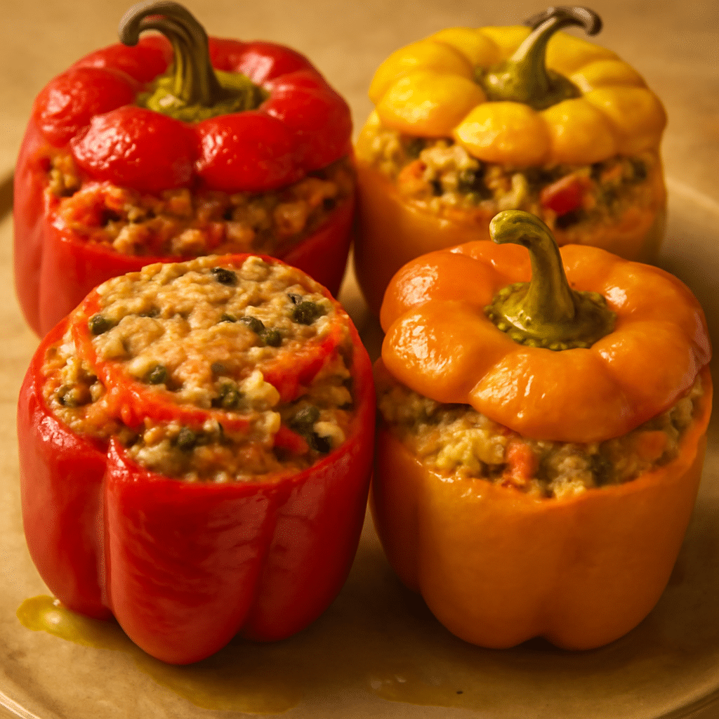 - Stuff the peppers with the meat mixture and place them in the pot. Add a bit of water, cover, and cook for 20-25 minutes.
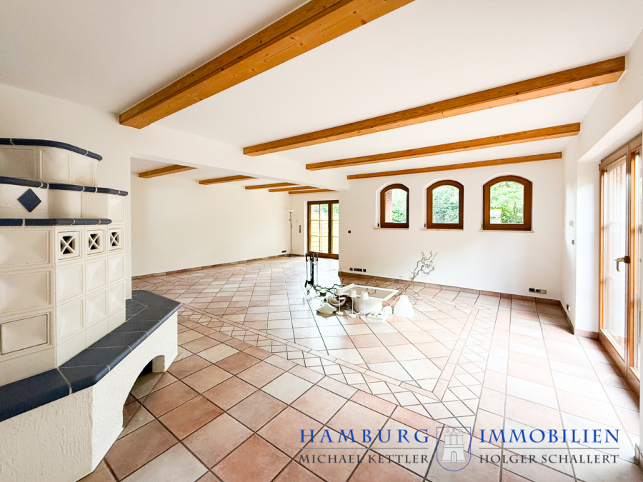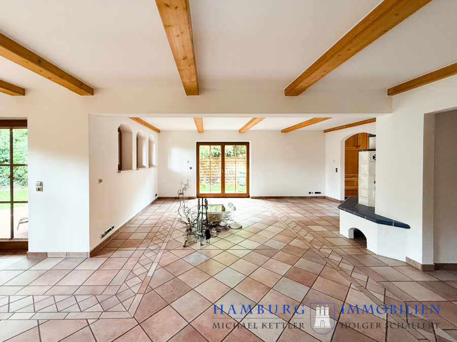Im Erdgeschoss ist Ihr ca. 44 m² grosses Wohnzimmer mit einem edlen Kachel-/Kaminofen und einem mediterranen Fliesenboden mit Fussbodenheizung. Durch mehrere bodentiefe Terrassentüren gehen Sie auf Ihre Süd/Westterrasse und in den Garten.
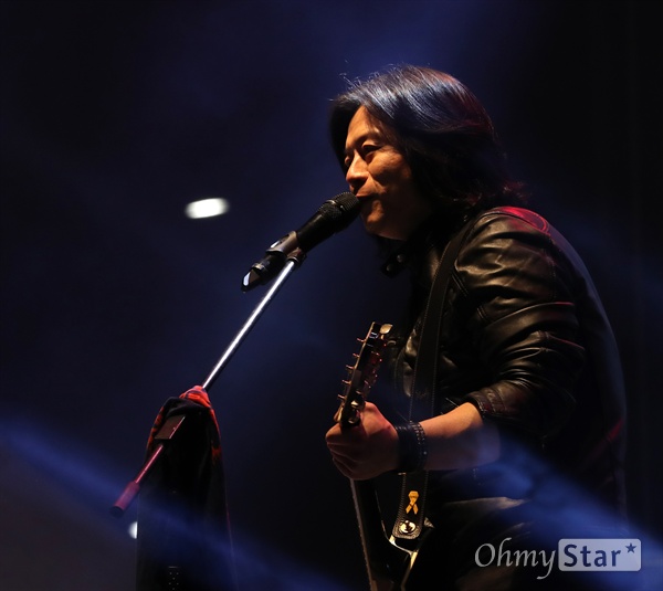 그는 다음 노래로 넘어갈 때마다 윗옷을 하나씩 벗었다. 가죽 재킷을 벗었고 다음엔 티셔츠를 벗었다. 결국, 한겨울에 반팔티 하나를 입고 뜨겁게 노래했다. 군복 느낌의 독특한 바지에 눈길이 갔다. 유심히 봤더니 '이게 나라냐'고 적힌 천이 한 땀 한 땀 바지에 꿰매져 있었다. 단독콘서트도 아닌 이 무대를 위해 의상까지 맞춤으로 준비해온 이승환, 참 대단하다. '단독전쟁'을 부를 땐 모자를 쓰고 부르는 등 곡마다 다른 의상으로 다양한 모습을 보여주는 노력에 그의 마음이 담겨 있었다.
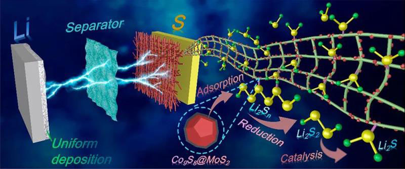 Boyu Li, et al, Tuning the Band Structure of MoS2 via Co9S8@MoS2 Core?Shell Structure to Boost Catalytic Activity for Lithium?Sulfur Batteries, ACS Nano, 2020
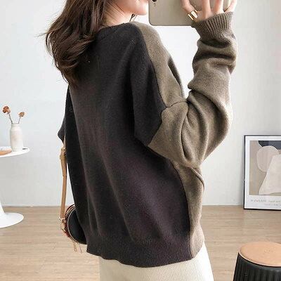 ニットセーター 秋冬 ニット レディース Vネック ボートネック ラウンドネック ドルマン セーター チャンキーニット 長袖 プルオーバー ざっくり ビッグシルエット おしゃれ 可愛い 無地 不規則
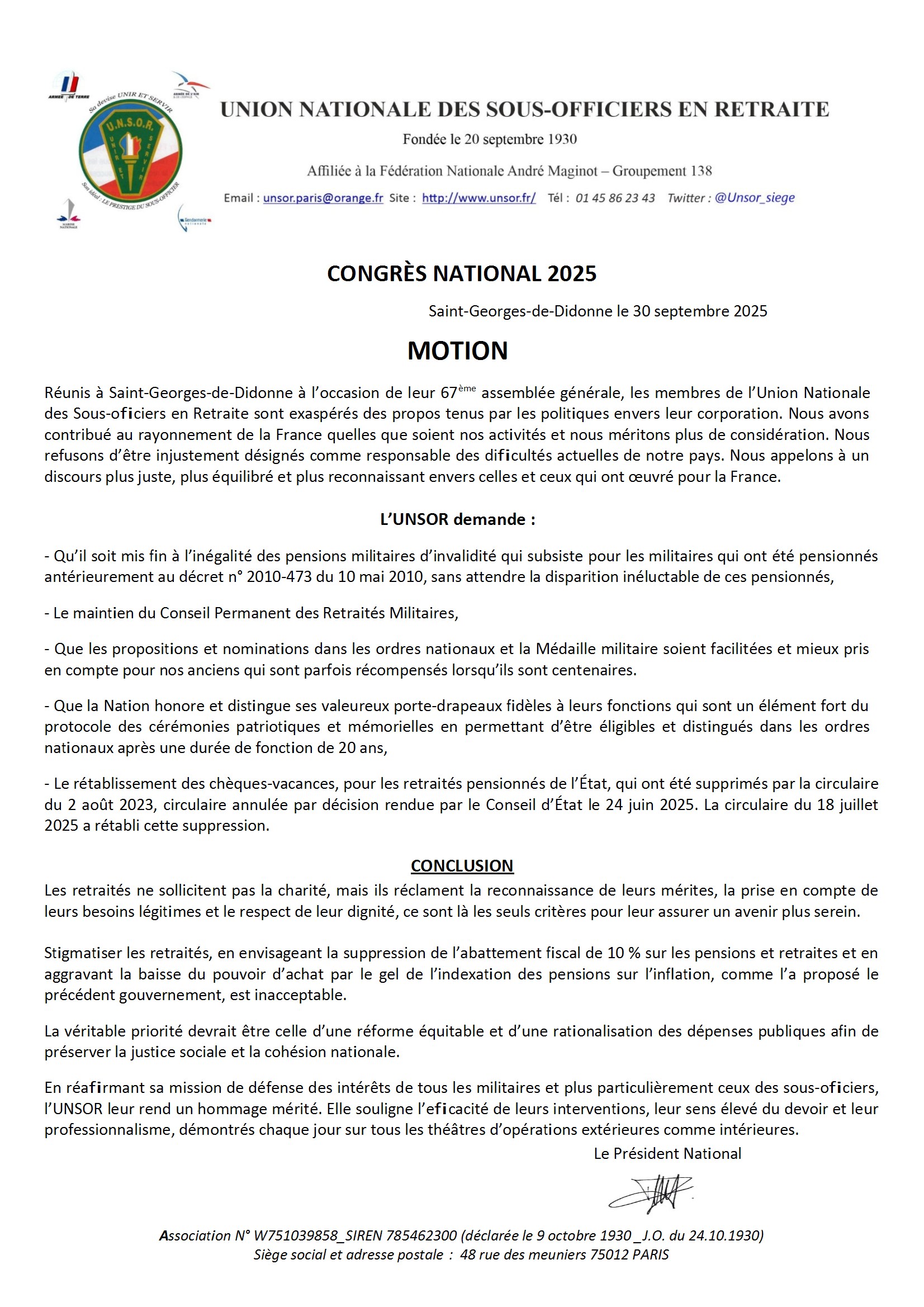 Réunis à Saint-Georges-de-Didonne à l’occasion de leur 67ème assemblée générale, l’UNSOR a rédigé une motion destinée à nos autorités.
# # #
WHAT YOU NEED TO DO
Each record above must be returned exactly as written, with its pictures omitted.

TASK SOLUTION
 - Stuff the peppers with the meat mixture and place them in the pot. Add a bit of water, cover, and cook for 20-25 minutes.
Im Erdgeschoss ist Ihr ca. 44 m² grosses Wohnzimmer mit einem edlen Kachel-/Kaminofen und einem mediterranen Fliesenboden mit Fussbodenheizung. Durch mehrere bodentiefe Terrassentüren gehen Sie auf Ihre Süd/Westterrasse und in den Garten.
 그는 다음 노래로 넘어갈 때마다 윗옷을 하나씩 벗었다. 가죽 재킷을 벗었고 다음엔 티셔츠를 벗었다. 결국, 한겨울에 반팔티 하나를 입고 뜨겁게 노래했다. 군복 느낌의 독특한 바지에 눈길이 갔다. 유심히 봤더니 '이게 나라냐'고 적힌 천이 한 땀 한 땀 바지에 꿰매져 있었다. 단독콘서트도 아닌 이 무대를 위해 의상까지 맞춤으로 준비해온 이승환, 참 대단하다. '단독전쟁'을 부를 땐 모자를 쓰고 부르는 등 곡마다 다른 의상으로 다양한 모습을 보여주는 노력에 그의 마음이 담겨 있었다.
 Boyu Li, et al, Tuning the Band Structure of MoS2 via Co9S8@MoS2 Core?Shell Structure to Boost Catalytic Activity for Lithium?Sulfur Batteries, ACS Nano, 2020
 ニットセーター 秋冬 ニット レディース Vネック ボートネック ラウンドネック ドルマン セーター チャンキーニット 長袖 プルオーバー ざっくり ビッグシルエット おしゃれ 可愛い 無地 不規則
 Réunis à Saint-Georges-de-Didonne à l’occasion de leur 67ème assemblée générale, l’UNSOR a rédigé une motion destinée à nos autorités.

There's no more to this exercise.